The separate test of R (UNISON) v Lord Chancellor  UKSC 51;  AC 869, remains good law and is to be used in lieu of the tests in Refugee Legal Centre and R (S) v Director of Legal Aid Casework  EWCA Civ 464;  1 WLR 4733. The legality of a policy or delegated legislation can be challenged if it creates a real risk that it prevents access to justice. The court will make an overall evaluative assessment and may need to consider statistics as part of this assessment. However, the UNISON test is not to be conflated with the test in Gillick. The prior line of authorities on judicial review of the content of policies, other than Gillick and UNISON, should be approached with caution and read in light of the Supreme Court decisions in ex parte A and BF (Eritrea).
As stated by the court in ex parte A, ‘policies have moved increasingly centre stage in public law’.
These parallel appeals clearly demarcate the attenuated form of review which will be employed in any judicial review of a policy document.
In most cases, as there is no legal obligation to promulgate a policy document which is a comprehensive statement of the law, there can continue to be omissions from the policy so long as unlawful conduct is not authorised. However, in cases where the policy purports to provide a full account of the law—for example, if the Secretary of State’s policy document can be construed to be a complete set of instructions to her officials—the test will be whether, read as a whole, it provides a misleading picture of the true legal position. Thus, depending on the context, even if it is not incumbent upon her to detail how discretion is exercised in every case, the Secretary of State may still be required to identify broad categories of cases requiring detailed consideration.
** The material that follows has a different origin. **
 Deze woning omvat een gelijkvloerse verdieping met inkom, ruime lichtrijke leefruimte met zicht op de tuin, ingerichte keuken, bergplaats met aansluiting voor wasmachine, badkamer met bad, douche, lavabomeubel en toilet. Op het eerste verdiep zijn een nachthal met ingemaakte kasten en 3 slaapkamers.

The Supreme Court considered that if the test were more demanding, there would be a practical disincentive in promulgating policy documents. The public authority would be drawn into litigation and spending large sums on legal advice in preparing guidance; and the courts would be drawn into spending their resources on answering academic questions, and reviewing and revising the drafting of policies, thereby interfering with the separation of powers. These would be contrary to the public interest. The court’s approach will certainly avoid any allegation of judicial overreach and reduce perceived uncertainty relating to the grounds for judicial review, both of which were raised in the Independent Review of Administrative Law Report on reform of judicial review.
In public law, we can expect these decisions to narrow the possible grounds for judicial review, in the same stroke as extending leniency towards public authorities in their drafting.
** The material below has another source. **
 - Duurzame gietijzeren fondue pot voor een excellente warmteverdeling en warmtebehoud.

In complex areas of the law, which lay persons find difficult to navigate, reliance on ambiguous or incomplete policy documents may result in decisions which will be more difficult to challenge on judicial review. For example, immigration law has been repeatedly criticised by the higher courts for its labyrinthine nature. Applicants and appellants regularly turn to policy guidance (issued to Home Office caseworkers) and fail to consult the Immigration Rules and various pieces of primary and secondary legislation. Such trust in these documents alone would be misplaced, even if they are open to misinterpretation.